Every API has a free tier until it doesn’t. Every cloud service is reliable until it isn’t. And every AI provider is affordable until the pricing page changes.

This isn’t about paranoia. It’s about optionality. If Anthropic raises prices, Google kills Gemini’s free tier, or you just want to work from a cabin with no signal — do you have a playbook?

I built one. Here’s the framework.

Comparison diagram showing Cloud API path versus Local Inference path, with a decision matrix rating offline readiness for common development tasks

The audit

For every cloud dependency in your stack, document four things:

  1. What it does — the actual function, not the product name
  2. What local replacement exists — specific tool, not “something open source”
  3. What hardware it needs — RAM, VRAM, storage, with specific quantities
  4. What it costs — real pricing, verified, not “about $2K”

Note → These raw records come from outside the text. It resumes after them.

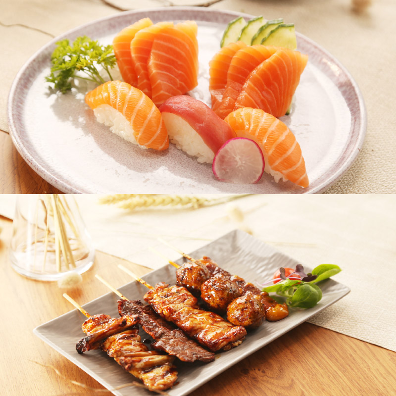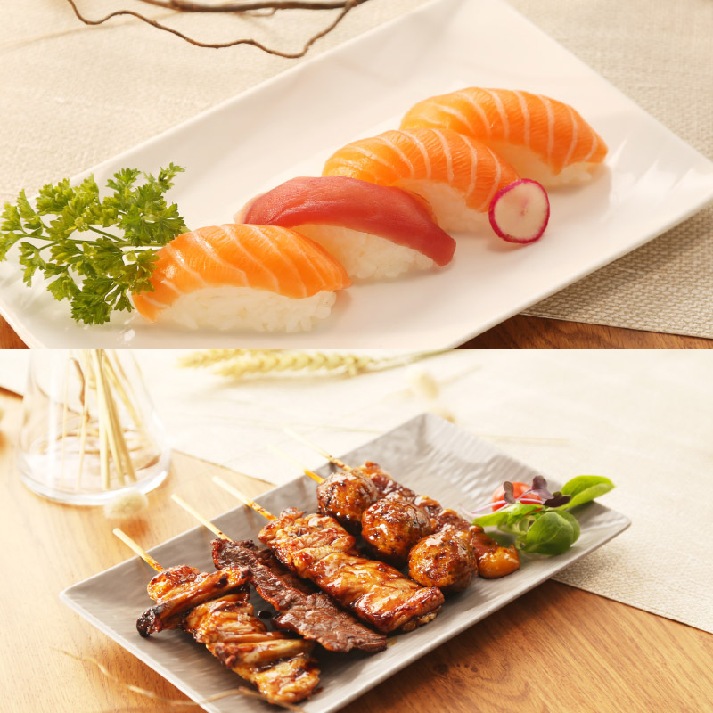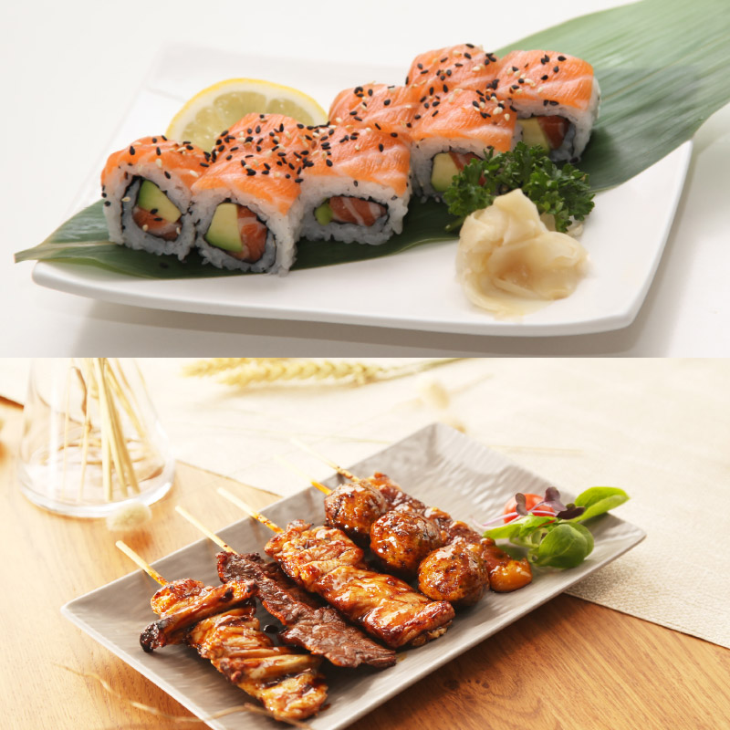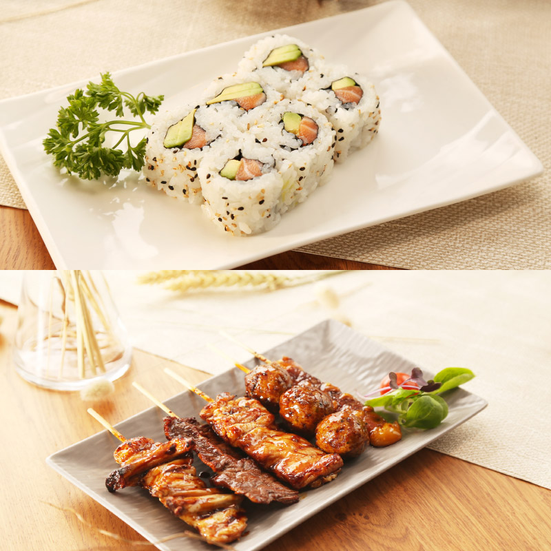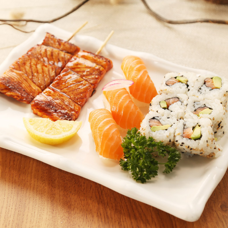 1 soupe, 1 salade, riz 3 sushi, 6 maki florida, 2 brochettes de saumon
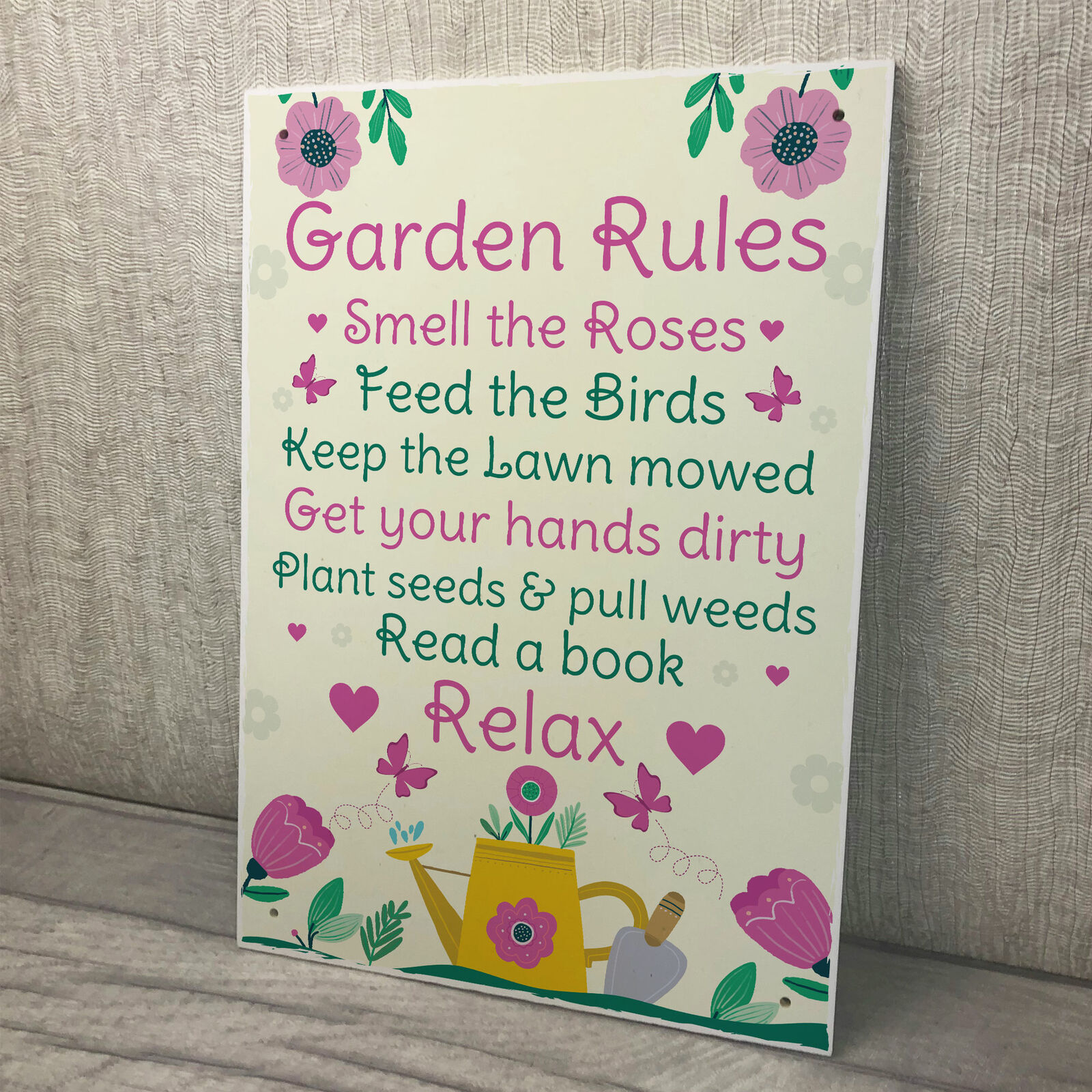GARDEN RULES Sign Summer House Sign Garden Shed Plaques Gifts For Women
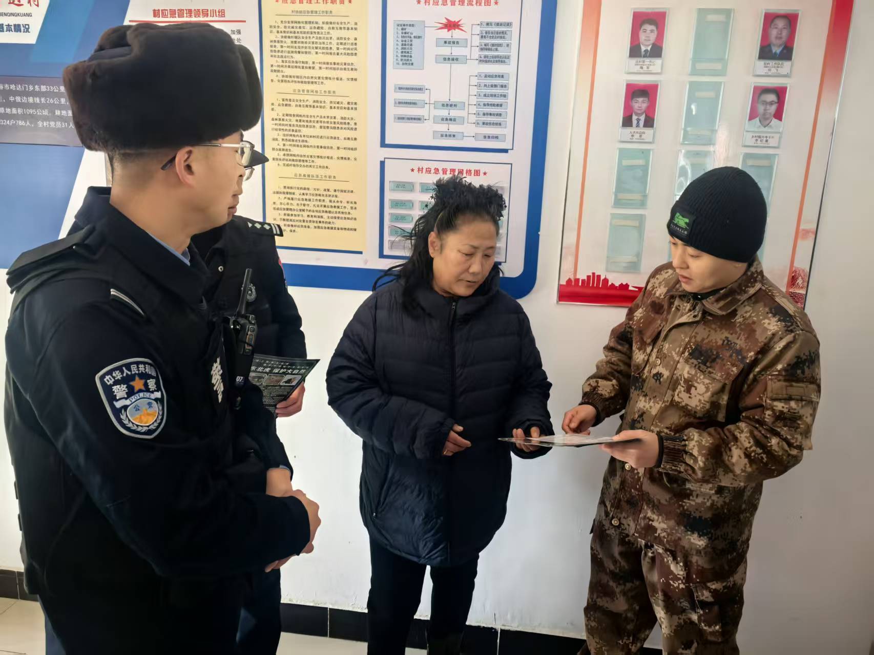 在巡查的同时,行动队还深入马滴达村、三道沟村、青山村开展普法宣传。通过发放宣传册,现场讲解等形式,向群众解读《森林法》《边境管理条例》及野生动植物保护相关法律法规,结合真实案例阐明盗伐滥伐、偷牧毁湿、非法狩猎等行为的法律后果,有效增强群众法治意识和生态保护自觉。
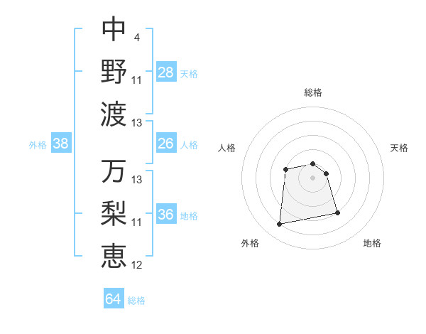 中野渡 万梨恵さんを姓名の画数から五運を鑑定
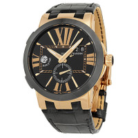 18kt rose gold case with a black leather strap. Fixed black ceramic bezel. Black dial with luminous 18kt rose gold hands and index hour markers. Minute markers. Roman numerals mark the 3, 6, 9 and 12 o'clock positions. Dial Type: Analog. Luminescent hands and markers. Date display at the 2 o'clock position. Seconds sub-dial above the 6 o'clock oposition. Dual time display at the 9 o'clock position. Automatic movement with a 42 hour power reserve. Scratch resistant sapphire crystal. Screw down 18kt rose gold crown. Transparent case back. Case diameter: 43 mm. Case thickness: 12 mm. Round case shape. Band width: 20 mm. Band length: 8 inches. Deployment clasp with push button release. Water resistant at 100 meters / 330 feet. Functions: date, hour, minute, second. Luxury watch style. Watch label: Swiss Made. Ulysse Nardin Executive Dual Time Men's Watch 246-00-42. GENERAL Color: Black / Gold / Rose CASE Case Size: 43 Case Thickness: 12 mm Case Material: 18kt Rose Gold Case Shape: Round Case Back: Transparent BAND Band Material: Leather Band Type: Strap Band Color: Black Band Length: 8 inches Band Width: 20 mm Clasp: Deployment with Push Button Release DIAL Dial Color: Black Type: Analog Crystal: Scratch Resistant Sapphire Hands: Luminous 18kt Rose Gold Dial Markers: Index Second Markers: Roman Numerals mark the 3, 6, 9 and 12 o'clock positions Sub Dials: Second above the 6 o'clock oposition. Dual time at the 9 o'clock position Luminiscence: Hands and Markers Bezel: Fixed Bezel Color: Black Bezel Material: Ceramic Crown: Screw Down 18kt Rose Gold INFORMATION Brand: Ulysse Nardin Series: Executive Dual Time Collection Name: Executive Dual Time Gender: Mens Model: 246-00/42 Watch Label: Swiss Made Movement: Automatic Engine: Ulysse Nardin Calibre UN-24 Power Reserve: 42 hours FEATURES Water Resistance: 100 meters / 330 feet Calendar: Date display at the 2 o'clock position Functions: GMT, Second Time Zone, Date, Hour, Minute, Second Watch Features: Analog, GMT, Ceramic, Gold, Leather, Time Zone ADDITIONAL INFO Watch Style: Luxury Warranty: 2 Year Jomashop Warranty UPC Code: 845960048781 Jomashop Sku: UN246-00-42 Department: Watches Category: Watches

Here’s what that looks like for an AI-heavy stack running on a Mac Mini M4 Pro:

AI services

FunctionCloud ProviderLocal AlternativeRAM Needed
Coding assistantClaude CodeOllama + Aider + Qwen 2.5 Coder 32B48GB+
App LLM (formatting)Gemini 2.0 FlashOllama + Llama 3.3 70B Q448GB+
App LLM (fallback)Groq / Llama 3.3 70BSame local Ollama instance(same)
Image generationPollinations / Stable HordeFLUX.1 or SDXL via ComfyUI16GB+
Streaming story genGemini 2.0 FlashOllama + Llama 3.3 70B Q448GB+

Infrastructure

FunctionCloud ProviderLocal AlternativeEffort
Git hostingGitHubGitea or Forgejo (Docker)Low
DNS + routingCloudflare Tunneldnsmasq + mDNSMedium
SSL certificatesCloudflare (auto)mkcert (local CA)Low
Auth (SSO)Google OAuthAuthentik local passwordsLow
Container registryDocker HubLocal registry:2 + pre-pulled imagesLow
Package managernpm / HomebrewVerdaccio + cached bottlesLow

What’s already offline

This is the part most people skip. Before buying anything, check what’s already local:

  • Docker, containers, reverse proxy — already running on your machine
  • IDE — VSCode, Xcode, everything that matters is local
  • IaC tools — OpenTofu, Terraform, Ansible — all local binaries
  • Media server — Plex/Jellyfin playback is local (metadata calls aside)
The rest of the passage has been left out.